Ontology-Based Recommender System of Online Courses
Author(s) -
Younten Tshering
Publication year - 2021
Publication title -
international journal for research in applied science and engineering technology
Language(s) - English
Resource type - Journals
ISSN - 2321-9653
DOI - 10.22214/ijraset.2021.37264
Subject(s) - ontology , computer science , semantic reasoner , consistency (knowledge bases) , world wide web , the internet , scope (computer science) , domain (mathematical analysis) , upper ontology , process (computing) , process ontology , information retrieval , semantic web , artificial intelligence , mathematical analysis , philosophy , mathematics , epistemology , programming language , operating system
Nowadays it is observed that everyone is learning new things to progress in their career through the internet and online courses. Online courses are the best source of learning, and it is helping students, graduate students, and employees to enhance their knowledge and skills. With the increased information on the internet about online courses, it has made it difficult for the learners to make decisions on courses that meet their requirements. A wide range of online courses are available on the internet from different organizers or providers and finding information regarding online courses from many websites is a challenging and time-consuming process. Therefore, we developed an ontology with a common knowledge base that provides a recommendation to help the learners to select the most appropriate course depending on their requirements. For this purpose, classes (subclass and superclass) and their properties (object properties and data properties) with constraints (facets) were defined depending on the scope and domain specified by the Competency Questions (CQs). Next, the ontology was populated with instances to test and check the consistency of the ontology with the reasoner.

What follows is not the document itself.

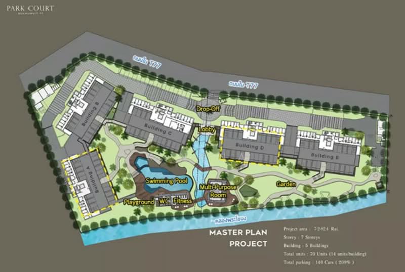 Park Court Sukhumvit 77 is a low-rise condominium set on over 7 rai, designed for large-family living with exceptional privacy. The project features 5 residential buildings, each 7 floors high with only 2 units per floor and 70 units per building. Selected units are available for freehold sale in Buildings A and D. Facilities include swimming pool, fitness center, concierge service, landscaped garden, parking, and 24-hour security. Located in a growing international neighborhood with easy access via Sukhumvit Road, On Nut Road, and Ramindra-At Narong Expressway.
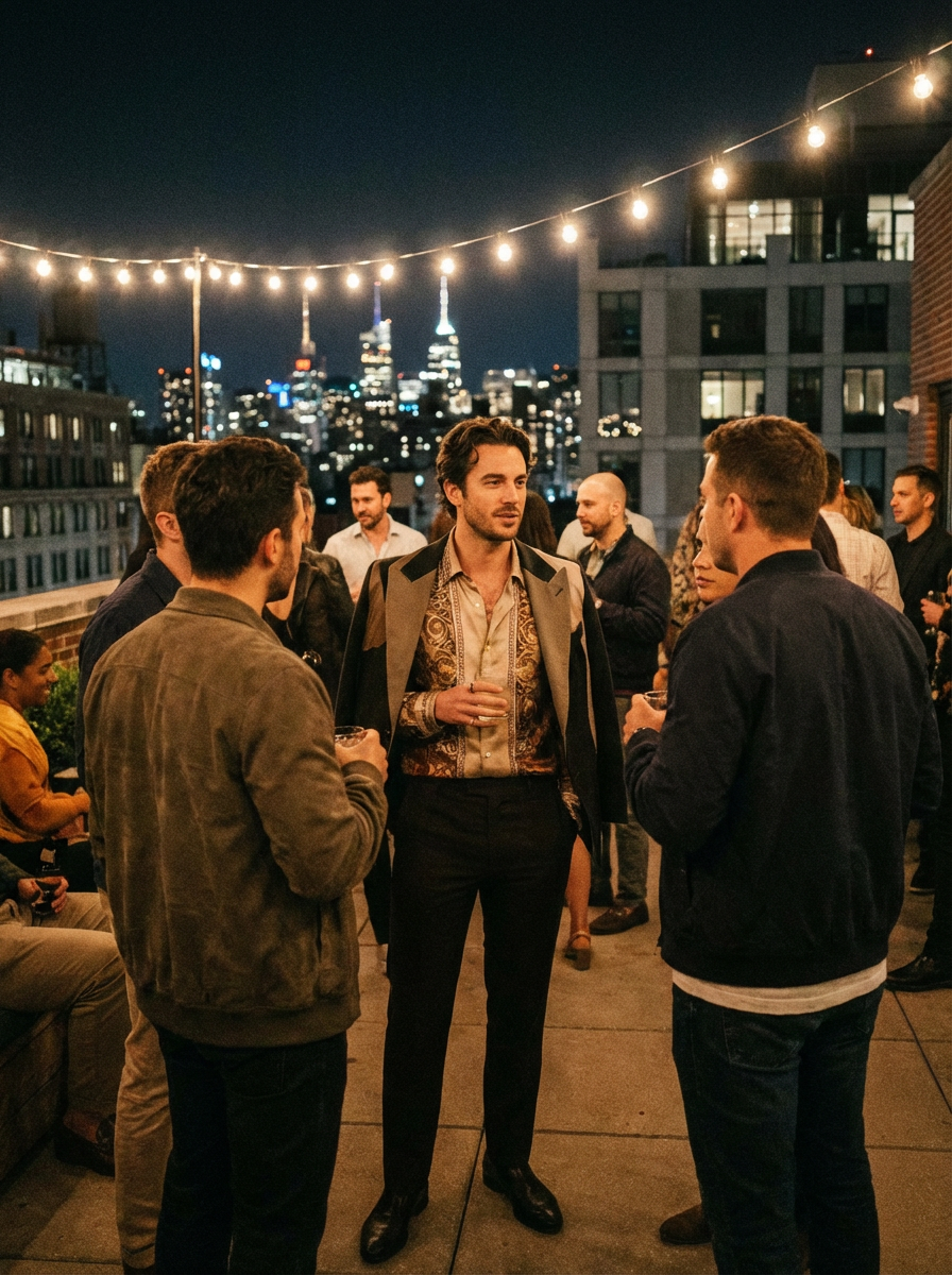 model at rooftop party, social creative scene, fashionable unique outfit, city night lights

After testing and querying the ontology using SPARQL in protégé, it is concluded that the ontology developed is consistent and perfectly meets the requirements which were defined by domain to answer the CQs. With this kind of ontology, one can find interesting courses with different categories and get recommendations on courses based on requirements. For the future scope, ontology can include more categories of courses and real instances for a better recommendation.